Data excerpts ::
______
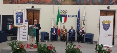 Un’iniziativa emozionante ha caratterizzato la quarta edizione del Fair play for life 2025, svoltasi ieri presso il salone d’onore del Coni. L’evento ha visto la consegna dei premi in pieno stile olimpico, organizzata da Ruggero Alcanterini, presidente del Cnifp (Comitato nazionale italiano fair play), con la collaborazione dei vicepresidenti, l’avvocato Ezio Bonanni, presidente dell’Osservatorio Nazionale Amianto (numero verde 800 034 294), e Renato Mariotti, sindaco di Loreto Aprutino, e del segretario generale Roberto Antonangeli. In occasione della Giornata internazionale per l’eliminazione della violenza contro le donne, Alcanterini ha introdotto la storia della Tedofora di Emilio Greco, una delle sculture più riconoscibili legate alle Olimpiadi di Roma del 1960. L’opera raffigura una giovane donna nell’atto solenne di portare la fiaccola, simbolo di continuità tra la storia dello sport italiano e il presente. Durante la cerimonia, è stata consegnata simbolicamente l’originale torcia olimpica degli anni Sessanta, custodita in teca insieme ad altri cimeli concessi dalla famiglia Garroni.
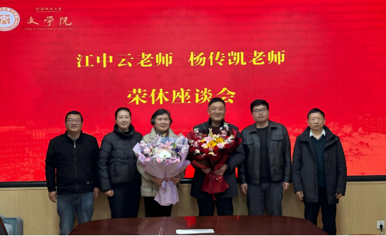 3月17日下午,成人动漫 在人文楼3-7会议室举行了江中云、杨传凯两位老师的荣休座谈会。座谈会由学院党委书记周贤亮主持。校人事处、离退处,以及成人动漫 领导班子、教师代表参加了座谈会。
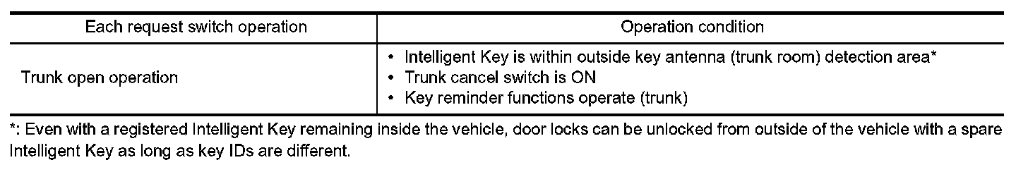 If the following conditions are not satisfied, trunk open operation is not performed even if the request switch is operated.
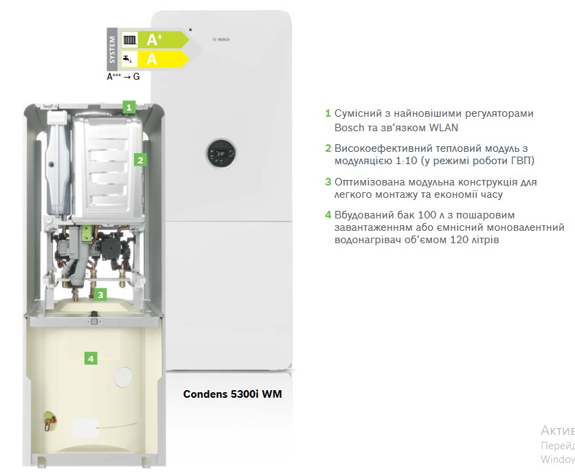 - Kомпактний опалювальний котел потужністю 24 кВт на опалення, 30 кВт для гарячого водопостачання
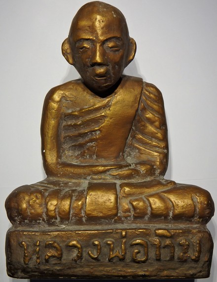 พระบูชาองค์นี้เป็นพระบูชาปูนปั้น รุ่นสอง ตัวหนังสือนูน หรือที่เขาเรียกกันว่าหน้า"กาโม่" ลูกศิษย์ที่ศรัทธาในองค์หลวงปู่ทิม จึงได้ขออนุญาต หลวงปู่ทิม ท่านสร้างด้วยปูนผสมผง แกนกลางทำด้วยไม้ไผ่ จัดสร้างคราวล่ะไม่มาก เมื่อหล่อเสร็จ ก็เจาะใต้ฐานไว้ จึงนำถวายให้หลวงปู่ทิม เมตตาบรรจุผงพุทธคุณต่างๆ ตามตำรับของท่าน และของสำคัญที่ขาดไม่ได้นั่นก็คือ ผงพรายกุมาร น้ำมันพระเจ้าตาก และใบโพธิ์ตะวันออก แล้วจึงปิดทับด้วยปูนอีกทีครับ ก่อนที่จะนำไปลงรักและทาบรอนท์ทองอีกชั้น หลวงปู่ทิม ท่านเมตตาปลุกเสกเดี่ยว ก่อนจะนำออกแจกจ่ายให้ ญาติโยมที่ต้องการนำกลับไปบูชา กาลต่อมาในปี ๒๕๑๗ จึงได้มีการสร้างพระบูชาด้วยเนื้อโลหะ ซึ่งมีความสวย คมชัด กว่า การสร้างพระบูชาปูนปั้น จึงได้ยุติลง พระบูชาองค์นี้มีขนาดหน้าตัก ๕ นิ้ว สวยเดิม สุดๆ บรอนท์ทองงามมากๆ เก่าถึงยุคดูแล้วคลาสสิคครับ |
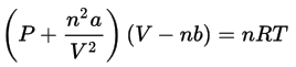 Para temperaturas superiores à temperatura crítica, dado que a densidade do gás é elevada no interior da garrafa, a conhecida Equação Geral de Estado para um Gás Ideal não pode ser utilizada. Uma melhor aproximação para gases densos em pressões altas é a Equação de Estado de van der Waals dada abaixo, onde P, V, T e n são as bem conhecidas variáveis de estado (pressão,volume, temperatura, número de mols) e os parâmetros “a” e “b” são as chamadas constantes de van der Waals que dependem da susbstância (neste caso nitrogênio).
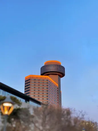 蓝调时刻建筑的景观灯亮了起来,和蓝色的天空形成对比。 iPhone 11 Pro 拍摄,Snapseed 和ReLens 后期修图。
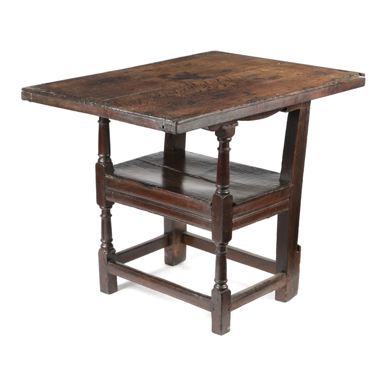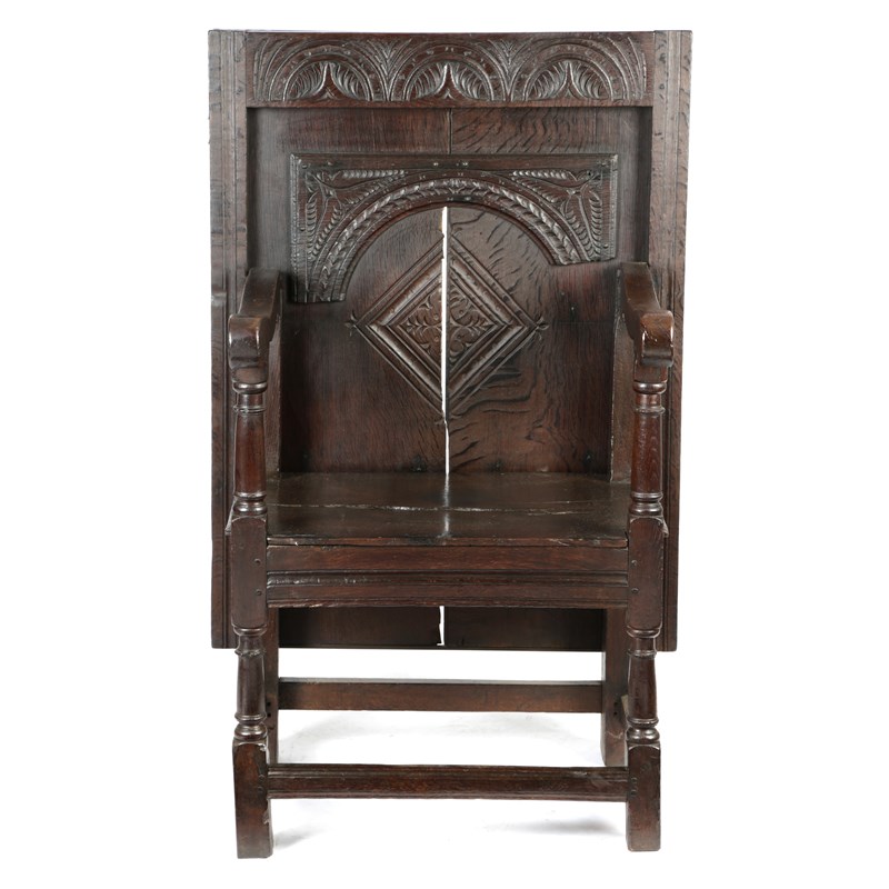 the hinged sliding top with lunette carved band and applied leaf arch above a carved lozenge on turned front legs united by peripheral stretchers, inscribed to the underside 'THIS CHAIR BELONGED TO JOHN BRADSHAWE OF BRADSHAWE HALL DERBY SH PRESIDING JUDGE OF THE TRIAL OF KING CHARLES I'
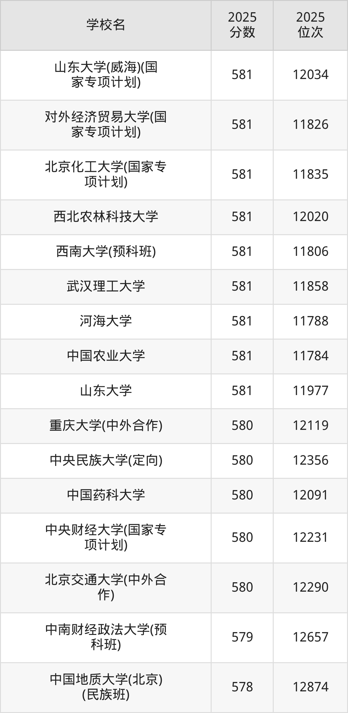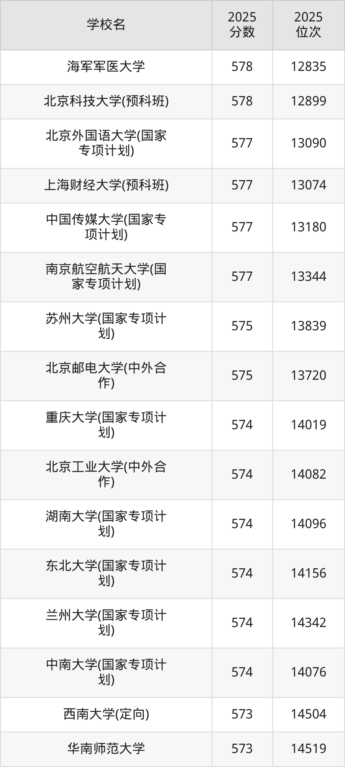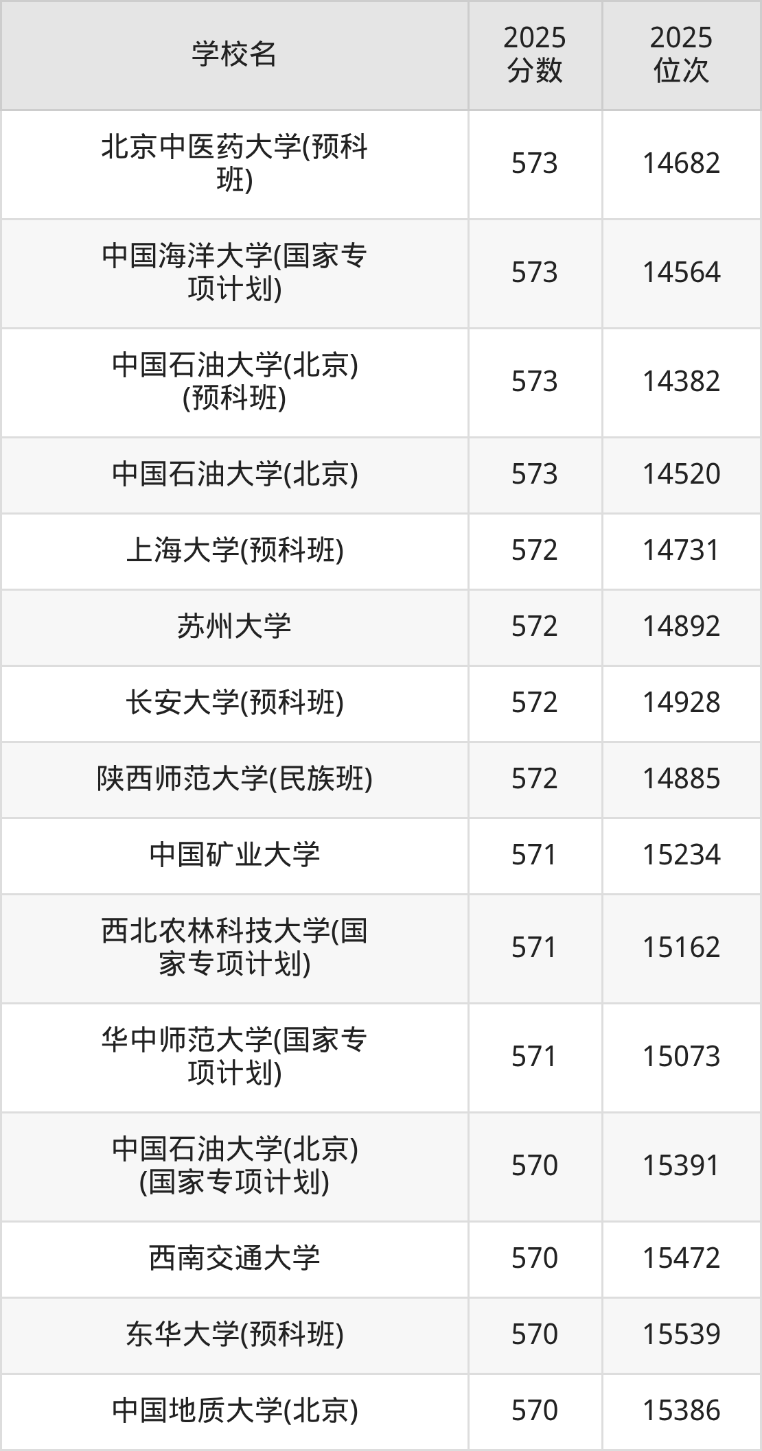 录取分数线的波动较大,下面圆梦小编为大家带来了2025年570到590分对应的位次排名区间,建议2026年位于该位次范围内的考生参考上文所整理的学校(本文仅针对贵州省)。
______
Exercise requirements :: Looking at the records above, extract only the lines from the one with "the hinged sliding" through the last line, exactly, with the pictures left out.

Answer to the problem ::
 the hinged sliding top with lunette carved band and applied leaf arch above a carved lozenge on turned front legs united by peripheral stretchers, inscribed to the underside 'THIS CHAIR BELONGED TO JOHN BRADSHAWE OF BRADSHAWE HALL DERBY SH PRESIDING JUDGE OF THE TRIAL OF KING CHARLES I'
 录取分数线的波动较大,下面圆梦小编为大家带来了2025年570到590分对应的位次排名区间,建议2026年位于该位次范围内的考生参考上文所整理的学校(本文仅针对贵州省)。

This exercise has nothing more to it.